Al colorear de la aurora, me despertó un batir de alas. Abrí los ojos, miré hacia el ventanal que yo había dejado abierto la noche anterior, y vi dos palomas que se acababan de posar en el alféizar y seguían arrullándose como en un dúo ya iniciado en los jardines exteriores. Traté de no aventurar ningún movimiento, a fin de no interrumpir el idilio de las aves: desde mi cama vi cómo la luz matinal reía en sus buches atornasolados, y gocé la paz de sus arrullos viejos y flamantes como la tierra. De pronto algo entró zumbando por el ventanal, ahuyentó a las palomas y cayó sobre mi frazada: era un cascote de ladrillo, atado al cual venía un papel cuya función y origen me resultaron evidentes. Maldije a los clowns por su doble herejía de asustar a las palomas y distraer mi ensueño. Y desatando el papel vi que se trataba, en efecto, de un mensaje de Gog, cuya garabateada letra decía lo siguiente: «El Vulcano en Pantuflas acaba de recitar su tercer Monólogo. Reunión y crítica hoy, a la hora de la siesta. Es para llorar».
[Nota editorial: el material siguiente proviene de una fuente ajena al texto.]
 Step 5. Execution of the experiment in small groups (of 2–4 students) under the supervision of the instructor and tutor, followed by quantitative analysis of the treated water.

Confieso que la perspectiva de hallarme otra vez con Gog y Magog en tan breve plazo me resultaba desagradable: la frecuentación de los clowns ya me había enseñado que, pese a la variedad cambiante de sus gestos exteriores, Gog y Magog actuaban sólo con dos o tres recursos primarios que se hacían aburridos en su reiteración. Por otra parte, sin dudar que Severo Arcángelo hubiera dicho su tercer Monólogo Clave, sospechaba yo que la urgencia de Gog no se debía tanto a su fiebre investigadora, cuanto a su rencoroso afán de reivindicarse frente a mí, luego del triunfo que yo le había refregado en las narices al interpretar la maquette. Sin embargo, la importancia de los Monólogos Claves era tan evidente para mí, que sacrifiqué mis prejuicios y resolví no faltar a la cita.
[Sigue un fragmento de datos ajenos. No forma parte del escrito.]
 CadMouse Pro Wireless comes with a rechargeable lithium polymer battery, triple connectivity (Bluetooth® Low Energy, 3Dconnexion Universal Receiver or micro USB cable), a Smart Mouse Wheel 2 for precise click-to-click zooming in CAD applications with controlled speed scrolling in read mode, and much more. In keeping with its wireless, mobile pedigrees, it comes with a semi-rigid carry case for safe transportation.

Después del mediodía y de haber almorzado solo en el living comedor, llamé a la puerta de la choza y me abrió un Magog ceremonioso que me condujo hasta la mesa, donde me fue dado ver el aparato grabador en cuya cinta se registraban sin duda los Monólogos, tres pocilios destinados al café, una botella de coñac en sus alambres y tres copas ventrudas. Busqué a Gog en el recinto penumbroso, y lo vi acostado en su catre de campaña, inmóvil todo él y con una bolsa de hielo en la cabeza.

—¿Está enfermo? —le pregunté a Magog.

—Recibimos y grabamos el Monólogo a las veintitrés de anoche —me respondió él—. En seguida el Maestro se acostó para entregarse al raciocinio. El Maestro no ha pegado un ojo desde aquella hora, y le cambio el hielo cada treinta minutos.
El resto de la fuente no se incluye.